• _MATERIAL PROVIDED_
^^^^

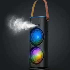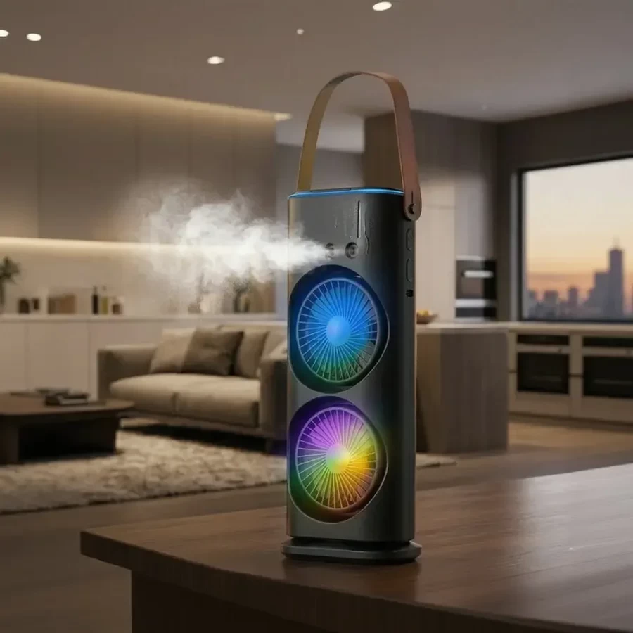 • ❄️ 3-in-1 Cooling System – Fan + mist spray + humidifier
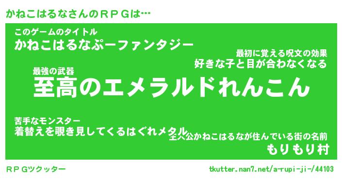 | 男性向けラノベタイトル風あだ名 | 『カネコハルナアートオンライン』 |
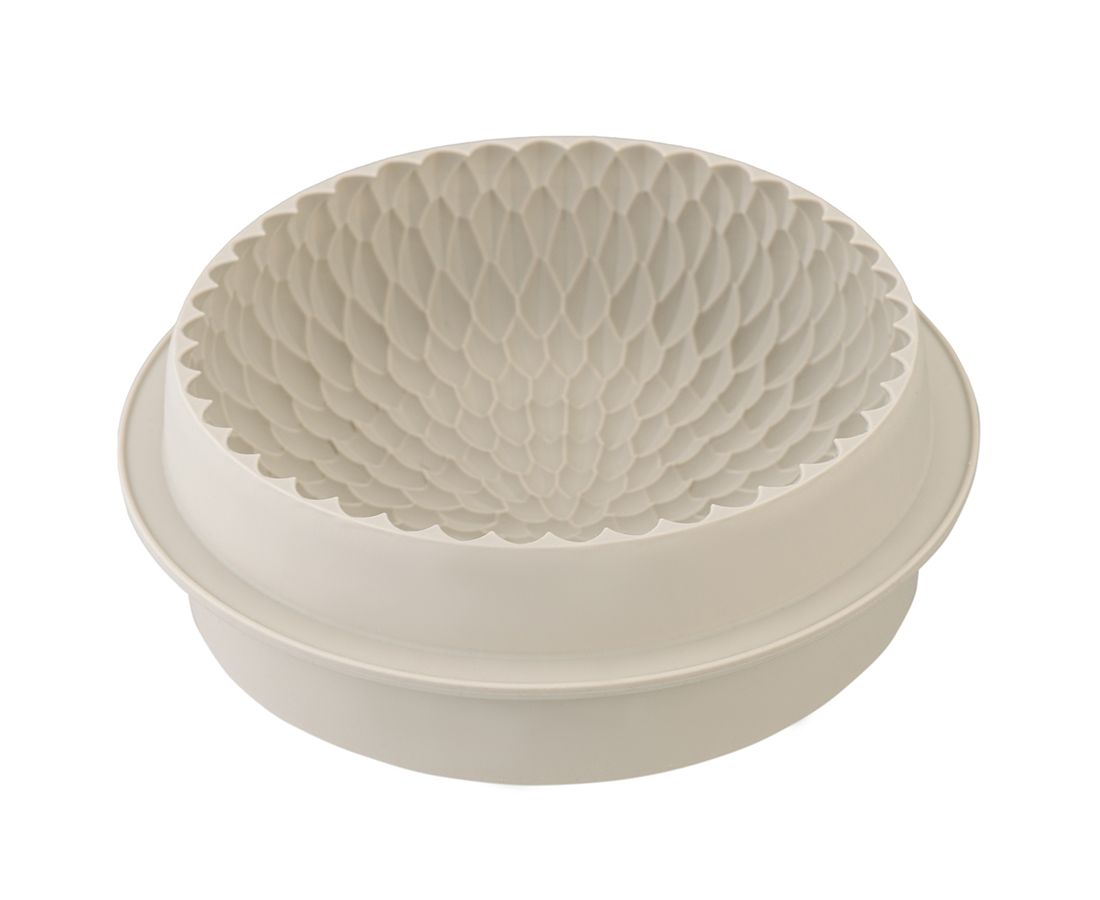 Форма выдерживает температуру от - 60 до +, 230 °С. Силикон не содержит вредный бисфенол-А и соответствует европейским стандартам качества. Он не имеет запаха и не дымится во время готовки. Материал гибкий, прочный, устойчивый к перепадам температур. Форма выдерживает до 3000 использований. Перед использованием необходимо смазать изделие маслом. Диаметр - 19 см. Объем: 1,6 л.

^^^^

• _YOUR ASSIGNMENT_
What you produce should repeat the data word for word while omitting all images.

• _OUTPUT_
 • ❄️ 3-in-1 Cooling System – Fan + mist spray + humidifier
 | 男性向けラノベタイトル風あだ名 | 『カネコハルナアートオンライン』 |
 Форма выдерживает температуру от - 60 до +, 230 °С. Силикон не содержит вредный бисфенол-А и соответствует европейским стандартам качества. Он не имеет запаха и не дымится во время готовки. Материал гибкий, прочный, устойчивый к перепадам температур. Форма выдерживает до 3000 использований. Перед использованием необходимо смазать изделие маслом. Диаметр - 19 см. Объем: 1,6 л.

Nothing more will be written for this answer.